Dying dolphins, bluefin tuna embryos with heart defects and hundreds of dead sea turtles washing ashore are proof the BP oil spill is still hurting and killing wildlife four years after the disaster in the Gulf of Mexico, the National Wildlife Federation claims in a new report.
The report, “Four Years into the Gulf Oil Disaster: Still Waiting for Restoration,” includes a compilation of research so far about impacts of the oil disaster on 14 species around the Gulf of Mexico.
“Determining what the impacts are is really very difficult,” said Doug Inkley, National Wildlife Federation senior scientist.
In addition, much of the research being done on the oil’s impacts to wildlife and ecosystems remains confidential as part of the Natural Resource Damage Assessment process and pending legal actions.
Still, some research released over the past several years shows the spill has had developmental effects on species such as killifish and, most recently, in the embryonic development of bluefin tuna.
“Now, four years into the Gulf oil disaster, wildlife is still feeling the impact,” Inkley said. “The oil is not gone and the impacts to wildlife are ongoing.”
It’s likely, he added, the impact will be seen for years to come. He noted that some species have yet to recover even after 25 years since the Exxon Valdez spill in Alaska.
BP representatives dispute many of the report’s findings, saying the group “cherry picks” information and reports to support the organization’s agenda.
One example, Jason Ryan, BP America Inc. press officer, wrote in an emailed response to the report, is how the report “misrepresents the U.S. government’s investigation into dolphin deaths.”
He said the National Oceanic and Atmospheric Administration’s own website states that inquiry is ongoing and that a number of potential causes are being investigated for the dolphin deaths.
Ryan added, “No definitive cause has yet been identified for the increase in strandings in the northern Gulf that began months before the accident.”
He said the National Wildlife Federation’s report also ignores other scientific reports that show no impact from the spill, such as a study by Auburn University showing no evidence of spill impact on young red snapper populations off Alabama.
The National Wildlife Federation report examined the observed effects to bottlenose dolphins, bluefin tuna, blue crab, brown pelican, common loon, coral, eastern oyster, foraminifera, Gulf killifish, red snapper, seaside sparrow, sea turtle, sperm whale and white pelican.
On the top of the food chain, dolphins continue to show higher than normal mortality. In 2013, they were still stranding at three times the average annual rate before the spill, according to the report.
NOAA started investigating the higher than normal mortality levels in February 2010, before the oil spill occurred.
However, in a study released last year that examined dolphins in Barataria Bay, researchers found that almost half of the animals they examined were in bad health.
Researchers found that dolphins examined in 2011 were five times more likely than counterparts in unoiled areas to have moderate to severe lung disease, many of the dolphins in the oiled area were underweight and had low levels of hormones that help control response to stress.

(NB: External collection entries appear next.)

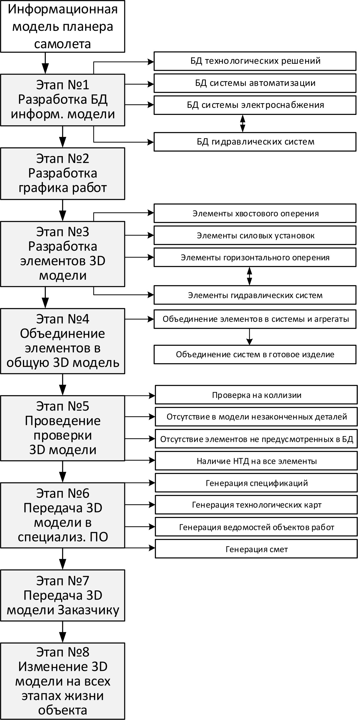 Ниже представлена разработанная методология процесса проектирования самолета с использованием информационной модели (ИМ), которая предусматривает учет всех особенностей, характеризующих 3D-модель и связанные с ней объекты проектирования [9].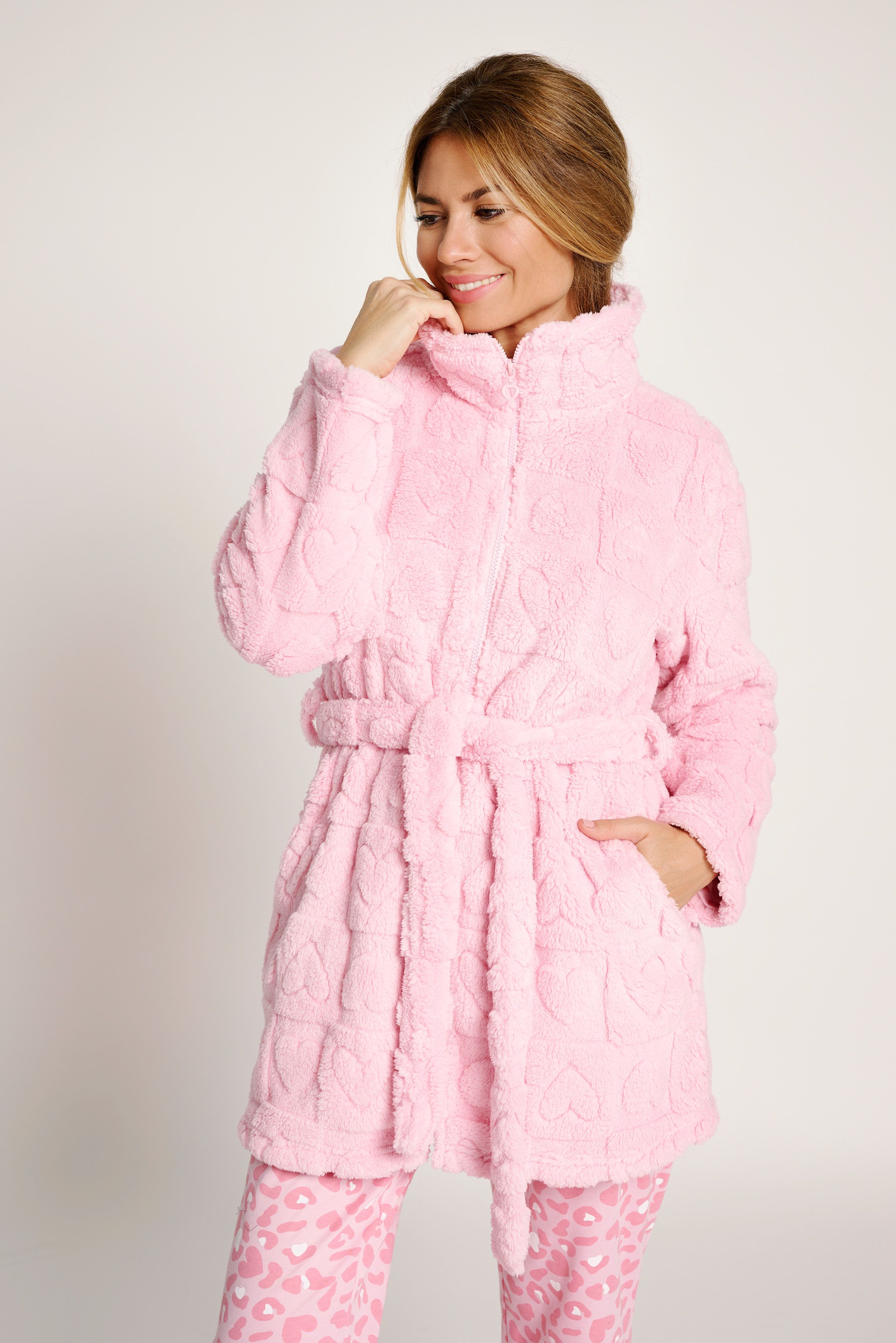 Bata de la marca MUYDEMI, en coralina.
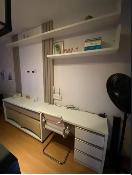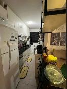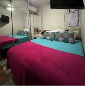 Sofá baú, mesa com cadeiras, geladeira, fogão cooktop, suggar, bebedouro, banquetas, cama queen baú, cama auxiliar solteiro e ventilador de teto.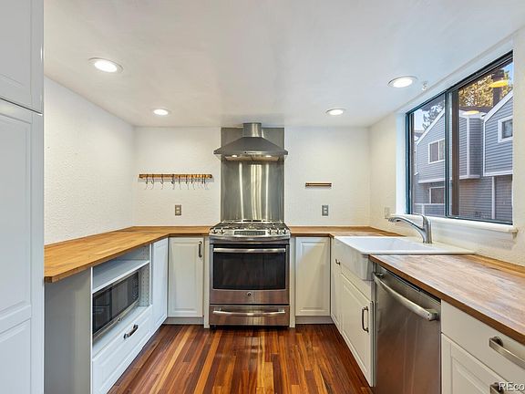 Beautiful move-in ready townhome! Enjoy a spacious living room with a charming wood-burning fireplace, and a dining area with a convenient pass-through to the kitchen. The kitchen features updated stainless steel appliances, butcher block counter tops and ample storage space. Upstairs, the primary bedroom boasts a private vanity area, walk-in closet, and shares a full bath with a second bedroom. Additional highlights include an attached two-car garage with a separate laundry/utility room, newer windows, large back patio and a private front patio. Prime location near Aurora Town Center, Gardens on Havana, I-225, and Highline Canal!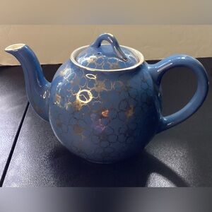Hall Teapot French Flower Cadet Blue Periwinkle Gold Trim Vintage 1950s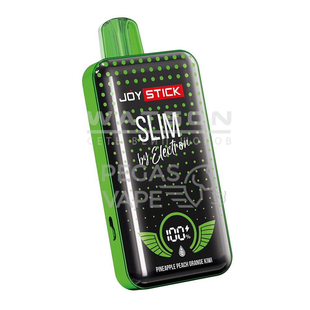 Одноразовые электронные сигареты JOYSTICK SLIM STRONG 20000 со вкусом Ананас персик- апельсин киви – новинка от бренда JOYSTICK. Аккумулятор емкостью на 600 mAh с возможностью подзарядки через разъем USB Type-C и бак с 8 мл предзаправленной жидкости (Солевой никотин крепостью 2% (20 мг/мл)) позволяют совершить до 20000 затяжек. Хватит примерно на 40 дней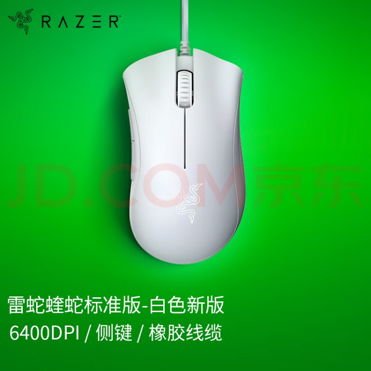 雷蛇(Razer) 炼狱蝰蛇标准版有线鼠标 人体工学 右手通用型 吃鸡/LOL/CS游戏鼠标 白色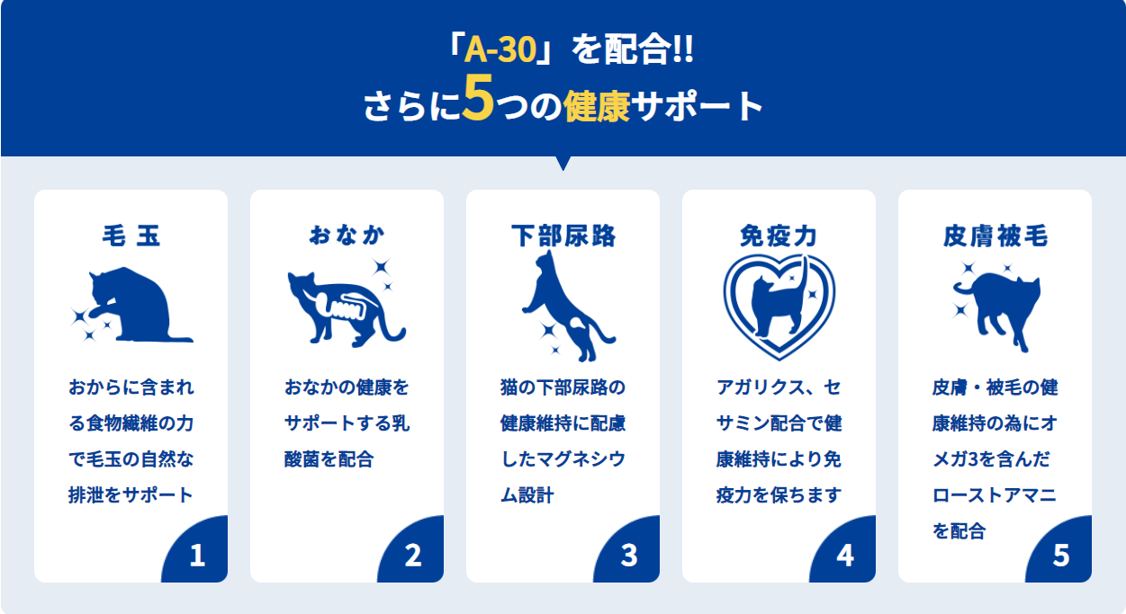 😺含有有助於AIM機能的氨基酸“A-30”是支持貓的健康維護的綜合營養食品。
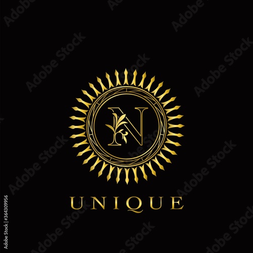 Fototapeta premium Golden Circle Deco N Luxury Floral Letter Logo Design. Monogram unique emblem ornate nature floral leaf with initial letter logo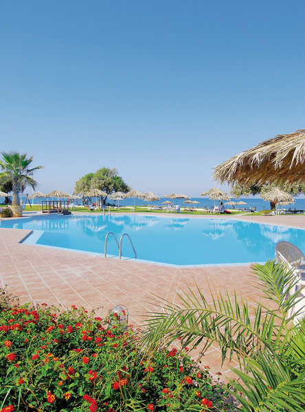 Blühende Gärten am blauen Meer. Hier liegt das Familienhotel direkt am schönen Sandstrand von Platanias, der mit der Blauen Flagge für Sauberkeit und Sicherheit ausgezeichnet wurde.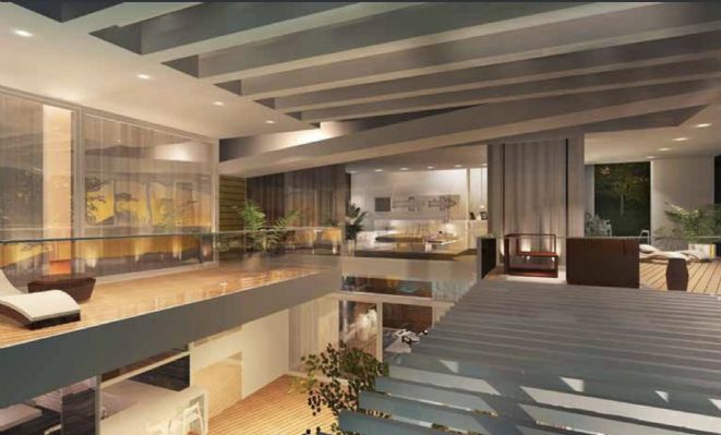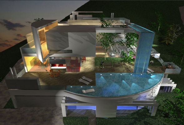 Begane grond: hal met lift en trap, gastentoilet, woonkamer, eetkamer met open keuken, tweepersoonsslaapkamer met badkamer ensuite en dressing. Grote terrassen met zithoeken en een overloopzwembad.

After testing the dolphins for contamination from sources other than the oil spill, they didn’t find any other potential cause for the health problems.
NOAA released a study in March that found bluefin tuna embryo exposed to Deepwater Horizon oil collected at the time of the spill can cause heart deformities leading to immediate death or to shorter life spans if the fish survive.
Ryan, the BP spokesman, disputed that enough information was included in the NOAA study to conclude that exposure to oil in the Gulf of Mexico would have the same impact found in laboratory testing.
An iconic image of wildlife impact from the Deepwater Horizon disaster was that of oiled brown pelicans, some of which were captured and taken to special de-oiling facilities.
Although there were a number of success stories of brown pelicans being released to the wild, there were many more birds that died and even more that were never found.
According to the National Wildlife Federation report, 826 brown pelicans were collected in the oil spill area as of May 2011, many of which were found after they were dead.
“Nonetheless, the size of brown pelican populations, even in heavily-oiled areas, may not have been dramatically affected,” according to the report.
Although federal agencies are also looking into possible impacts, the information about that is not publicly available yet, according to the report.
Sea turtle strandings also remain above average and about 500 turtle carcasses a year were found along the Gulf Coast between 2011 and 2013.
However, the report cautioned, it’s hard to tell how far above normal those numbers are since many of the turtles were found in remote areas where they wouldn’t have been reported at all before the spill. NOAA scientists estimated that fewer than 100 of the dead sea turtles would have been found per year before the spill.
“Despite what the oil company would have us believe, the impacts are ongoing,” said Sara Gonzalez-Rothi, the National Wildlife Federation’s senior policy specialist for Gulf and coastal restoration.